By Lucretia Mott
(One of the early leaders in the Woman Suffrage, Anti-Slavery, and other progressive movements of her time. A member of the Society of Friends—a Quaker. The following is from a letter written in 1869 to Josephine Butler, of England.)
In the Marriage union, no ministerial or other official aid is required to consecrate or legalize the bond. After due care in making known their intentions, the parties, in presence of their friends, announce their covenant, with pledge of fidelity and affection, invoking Divine aid for its faithful fulfilment. There is no assumed authority or admitted inferiority, no promise of obedience. Their independence is equal, their dependence mutual, and their obligations reciprocal. This of course has had its influence on married life and the welfare of families. The permanence and happiness of the conjugal relation among us have ever borne a favorable comparison with those of other denominations.
The Love That Pales
By Mary Wollstonecraft
1759-1797
Youth is the season for love in both sexes; but in those days of thoughtless enjoyment provision should be made for the more important years of life, when reflection takes place of sensation. But Rousseau, and most of the male writers who have followed his steps, have warmly inculcated that the whole tendency of female education ought to be directed to one point—to render them pleasing.
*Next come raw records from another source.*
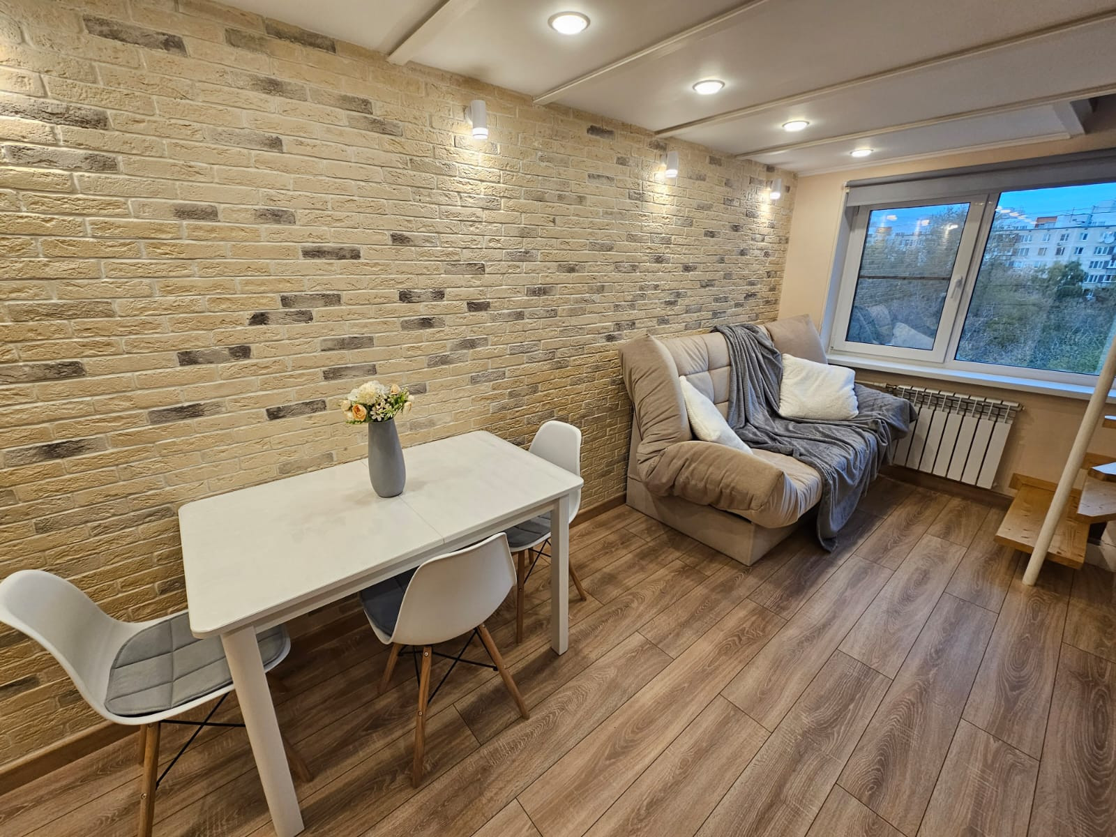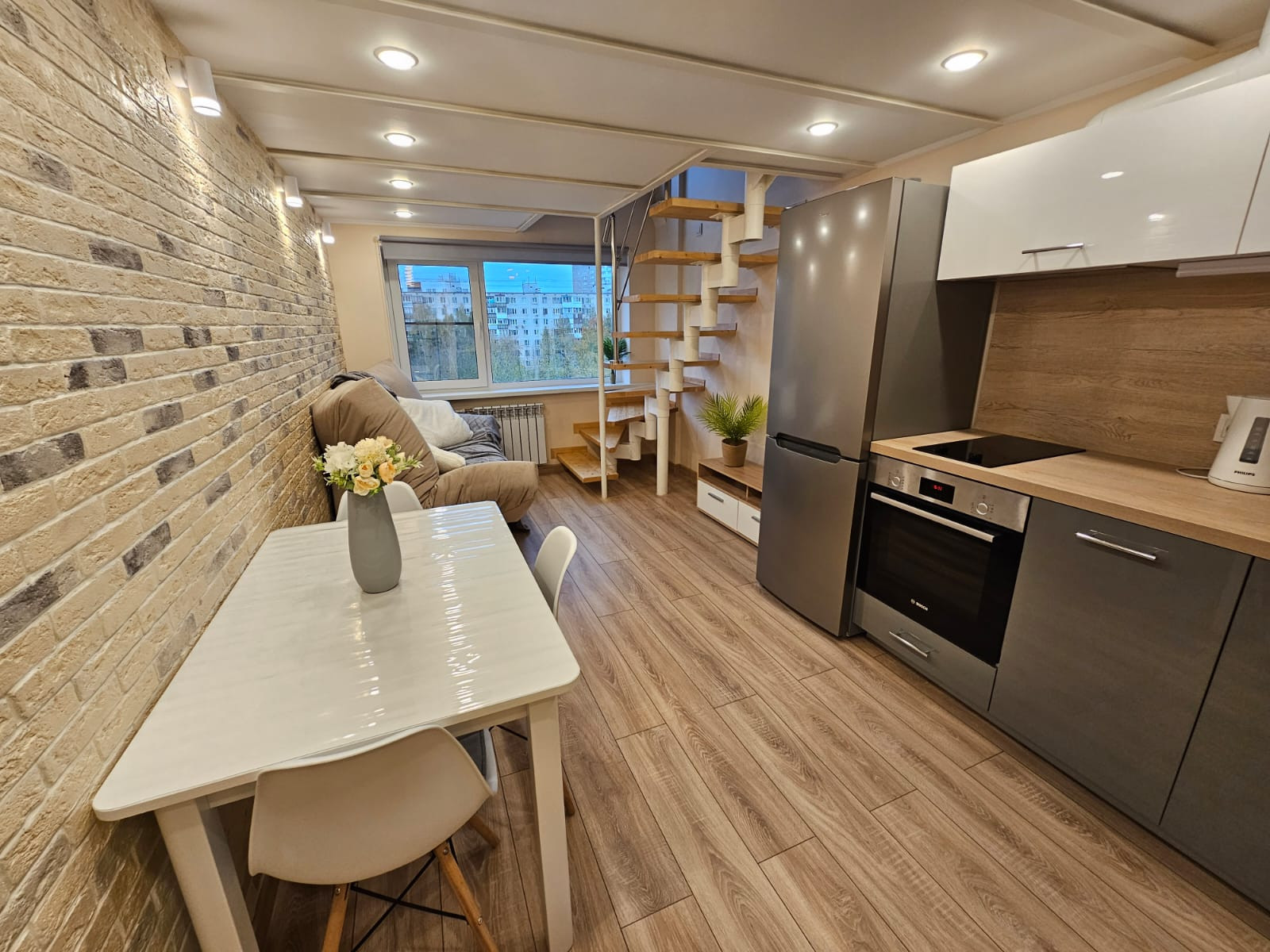 Общая высота 4,6 метра позволила разделить помещение на 2 яруса комфортной высоты общей площадью 35 кв.м. Кадастр по площади 1 этажа - 18,4 кв.м., налог около 4т.р. в год, коммунальные платежи - 3,5 т.р. в мес. На первом этаже: прихожая, сан. узел, кухня, гостиная. На втором - спальная с двуспальной кроватью и сан. узел с ванной. В квартире выполнен дизайнерский ремонт. Использовались только качественные материалы т сантехника. Вся мебель и бытовая техника (холодильник, варочная поверхность, телевизор, стиральная машина) в идеальном состоянии остается новому собственнику. В здании выполнен современный ремонт, внедрены передовые стандарты безопасности: консьерж, охрана, кодовый замок, видеонаблюдение.
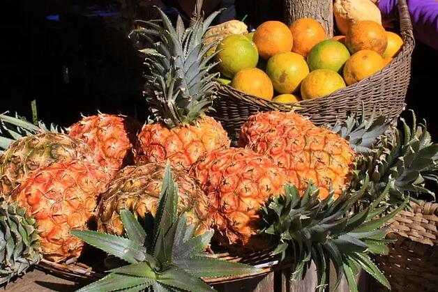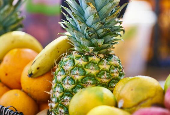 菠萝味甘、微酸、微涩,有生津止渴、消食开胃、补脾胃、益气血等功效。
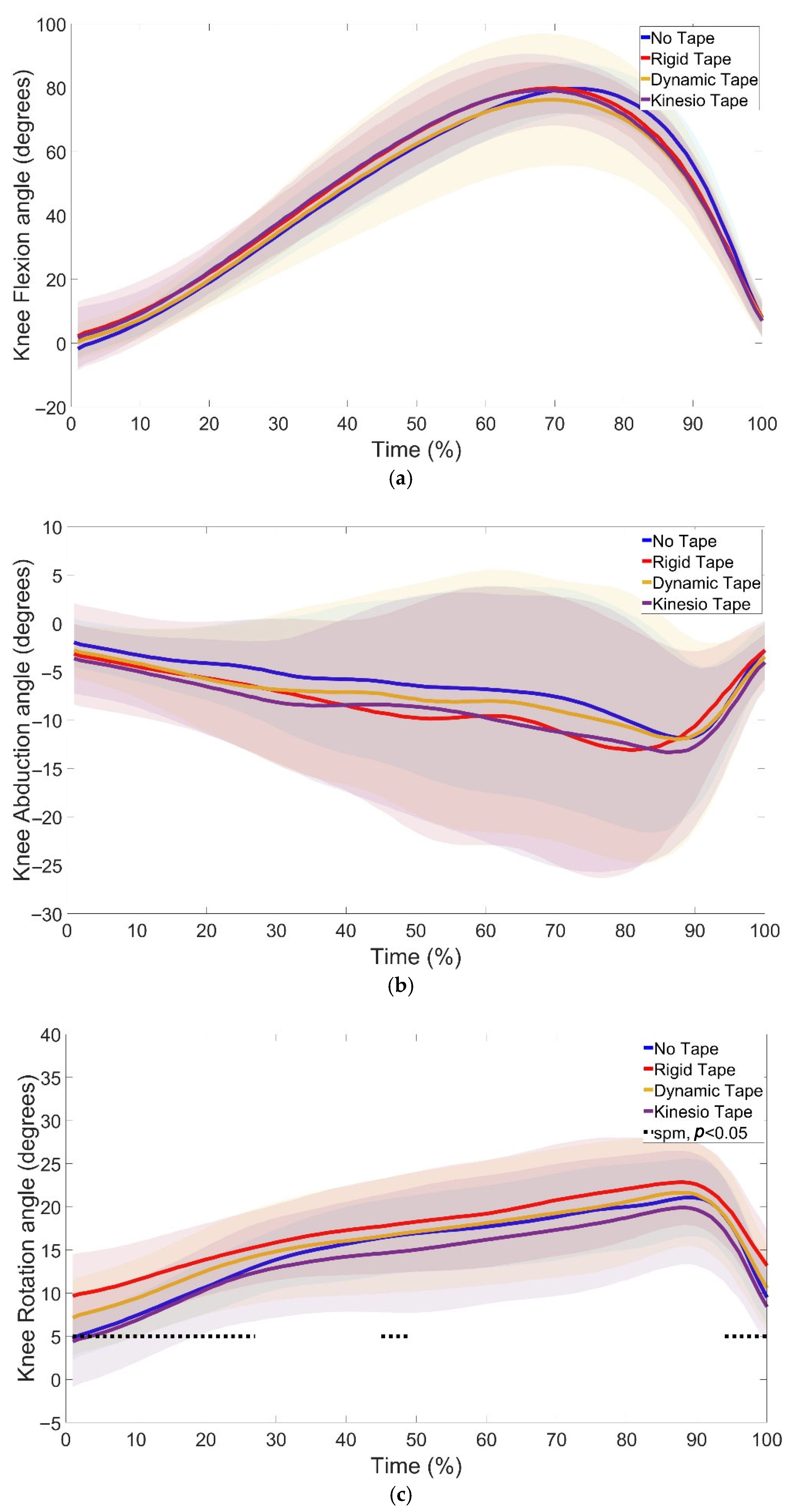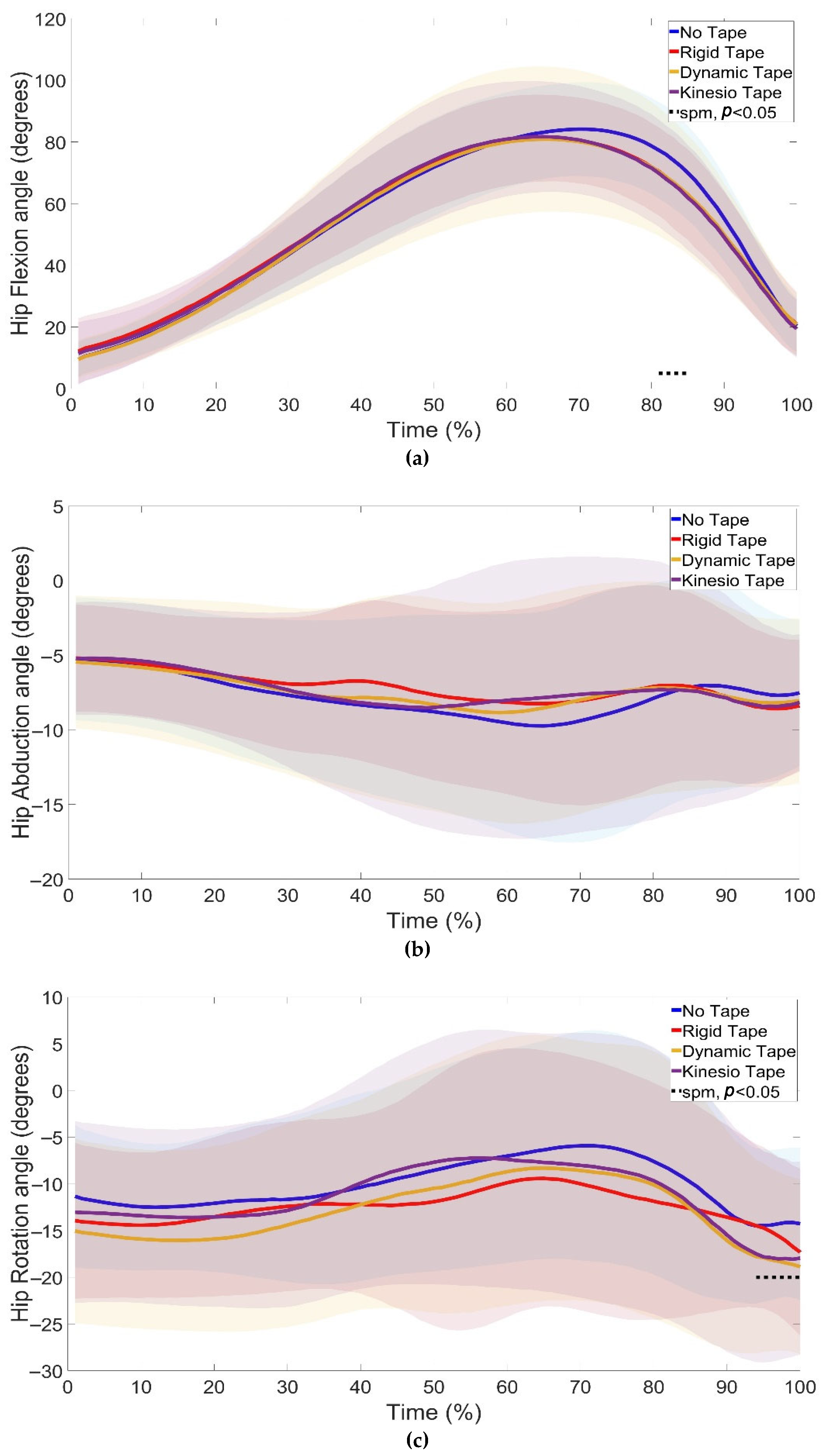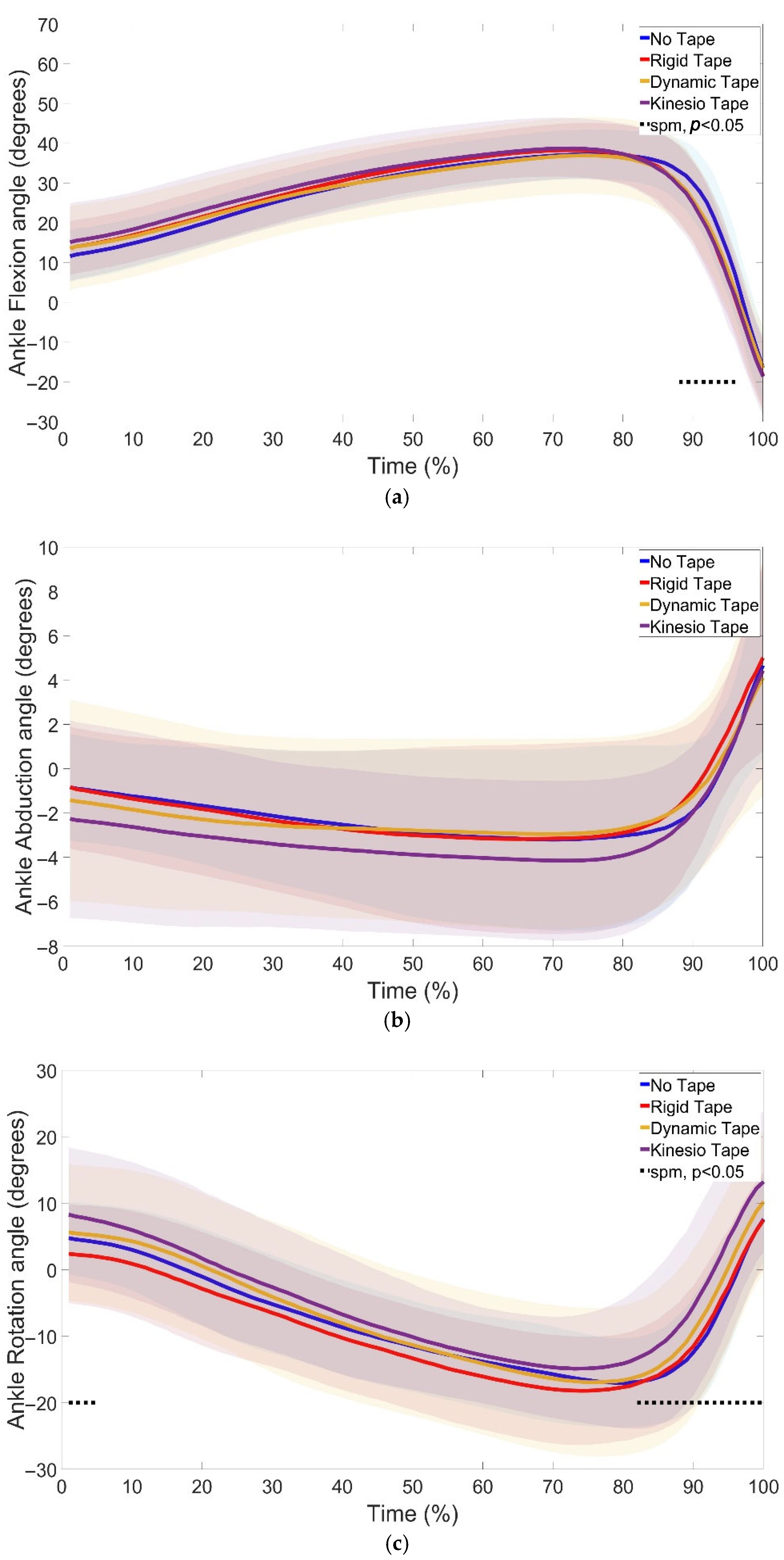 SPM1d analyses of joint kinematics revealed significant changes in ankle (Figure 4), knee (Figure 5), and hip (Figure 6) angles under different taping conditions.

Let me reason with the supporters of this opinion who have any knowledge of human nature. Do they imagine that marriage can eradicate the habitude of life? The woman who has only been taught to please will soon find that her charms are oblique sunbeams, and that they cannot have much effect on her husband’s heart when they are seen every day, when the summer is past and gone. Will she then have sufficient native energy to look into herself for comfort, and cultivate her dormant faculties? Or is it not more rational to expect that she will try to please other men, and, in the emotions raised by the expectations of new conquests, endeavor to forget the mortification her love or pride has received? When the husband ceases to be a lover, and the time will inevitably come, her desire of pleasing will then grow languid, or become a spring of bitterness; and love, perhaps the most evanescent of all passions, gives place to jealousy or vanity.